Gerald Seeber, the Tampa Bay Water general manager who urged the utility to pursue an expensive and as-yet unsuccessful lawsuit against HDR Engineering over cracking at its reservoir, has told the group he is seeking employment elsewhere.

Photo courtesy Tampa Bay Water
The $129-million renovation of Tampa Bay Water's 15.5-billion gallon reservoir in Lithia, Fla., kicked off Feb. 8. A few days later, it was announced that current general manager Gerald Seeber would be stepping down.

The pending move was made public at Tampa Bay Water's Feb. 18 board meeting. In late February, though, utility general counsel Barrie S. Buenaventura told ENR that Seeber had not yet given his formal notice. Even so, the Tampa Tribune reported that Seeber already had been listed as a candidate for the position of city manager for the Tampa suburb of Temple Terrace. "I'd like to make the move back to [city government]," Seeber told ENR.

The news came just days after the Feb. 8 kickoff of construction of TBW's $129-million reservoir renovation project, which is being built by Kiewit Infrastructure Group, Omaha. The project is designed to mitigate cracking that occurred at the 15.5-billion-gallon reservoir in Lithia, Fla.

Tampa Bay Water cancelled plans last summer for expanding the reservoir by 3 billion gallons after the Florida Dept. of Environmental Protection expressed concerns over sinkhole activity in the area.

For the redo, Kiewit will remove and reclaim the reservoir's existing flat-plate soil cement, soil wedge and geomembrane layer and add embankment fill, a drainage system and stair-step soil cement around the interior face. Construction should wrap by fall 2014, Tampa Bay Water says.

The utility's suit against Omaha-based HDR thus far has proven costly.
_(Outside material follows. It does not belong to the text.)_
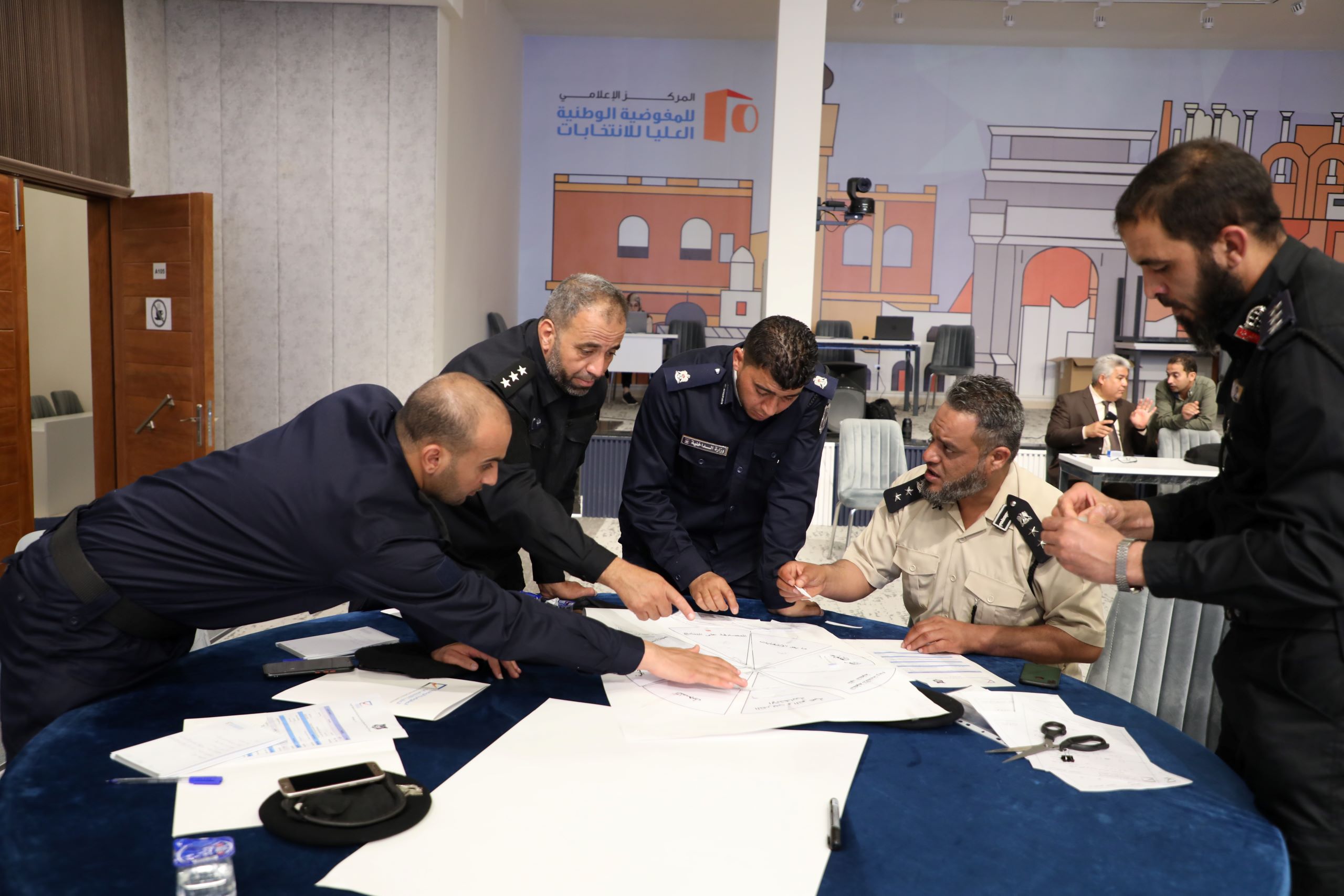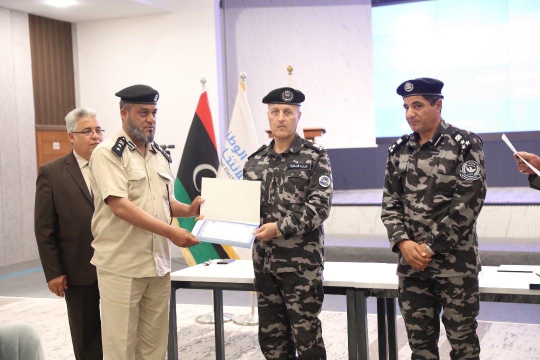 وشهدت الجلسة الختامية تقديم شهادات مشاركة إلى المتدربين، تجدر الإشارة إلى أن البرنامج أقيم تحت إشراف إدارة العمليات الميدانية، واستمر على مدى يومين مستهدفاً (35) متدرباً، من ضباط وضباط صف من المنتسبين لوزارة الداخلية بالمنطقة الغربية، ويهدف إلى رفع قدراتهم في مجال تأمين الانتخابات.
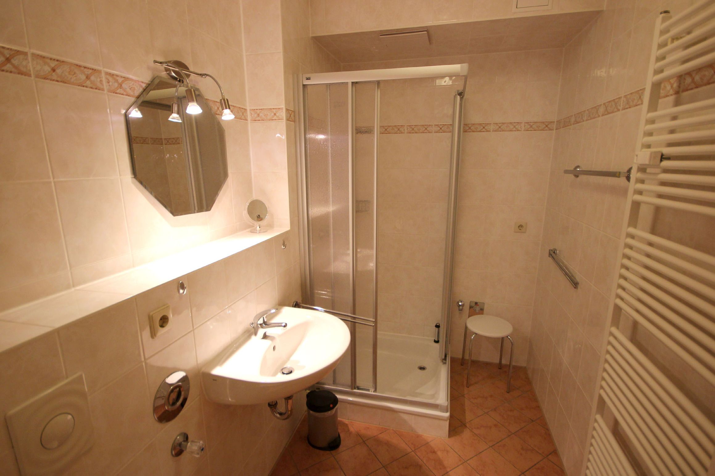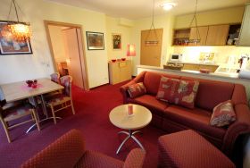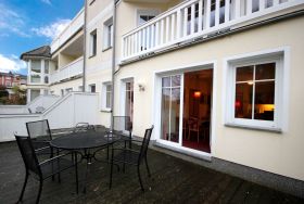 Ihre Nichtraucher-Wohnung 90801 hat eine Größe von ca. 54 qm und ist für bis zu 4 Personen eingerichtet. Sie befindet sich im Erdgeschoss des Hauses und verfügt über eine großzügige Terrasse in Richtung Westen, welche zum Sonnenbaden einlädt. Hier können Sie gemeinsam Essen und Verweilen. Die gemütlich eingerichtete Ferienwohnung verfügt über einen Wohnraum mit Blick in Richtung des Schmachter See´s sowie über eine ausziehbare Schlafcouch für die 3. und 4. Person, Essbereich und kompletter Wohnküche bietet Ihnen dazu ein separates Schlafzimmer mit Doppelbett, Kleiderschrank, Zugang zur Terrasse, ein Badezimmer mit Waschtisch, WC, Handtuchheizung, Fön, Kosmetikspiegel und Dusche. Die technische Ausstattung umfasst ein Flachbild-TV, Radio, Safe sowie einen WLAN-Anschluss. Die Küchenzeile ist mit Geschirrspüler, Cerankochfeld, Backofen, Kühlschrank mit Gefrierfach, Mikrowelle, Kaffeemaschine und Toaster komplett ausgestattet. Ein wohnungseigener Stellplatz steht Ihnen direkt am Haus zur Verfügung. Für die kleinen Gäste steht ein Hochstuhl sowie ein Kinderreisebett bereit.

Last November, in a ruling in which he called the legal battle "no ordinary engineering malpractice case," U.S. Judge James D. Whittemore determined the utility owed HDR more than $20 million in legal fees as a result of last April's jury verdict. The court document cited TBW's own legal expenses at more than $11.6 million.

If the $30-million settlement offer the utility's board ultimately rejected in favor of a trial is added in, the potential financial impact currently stands at more than $61 million. TBW filed an appeal with the U.S. Court of Appeals in Atlanta.

Buenaventura said the utility, which produces water for six local county and municipal governments, will conduct a national search for a candidate with utility experience. The utility hopes to have a list of candidates by April, with selection of a replacement by May or June, she adds.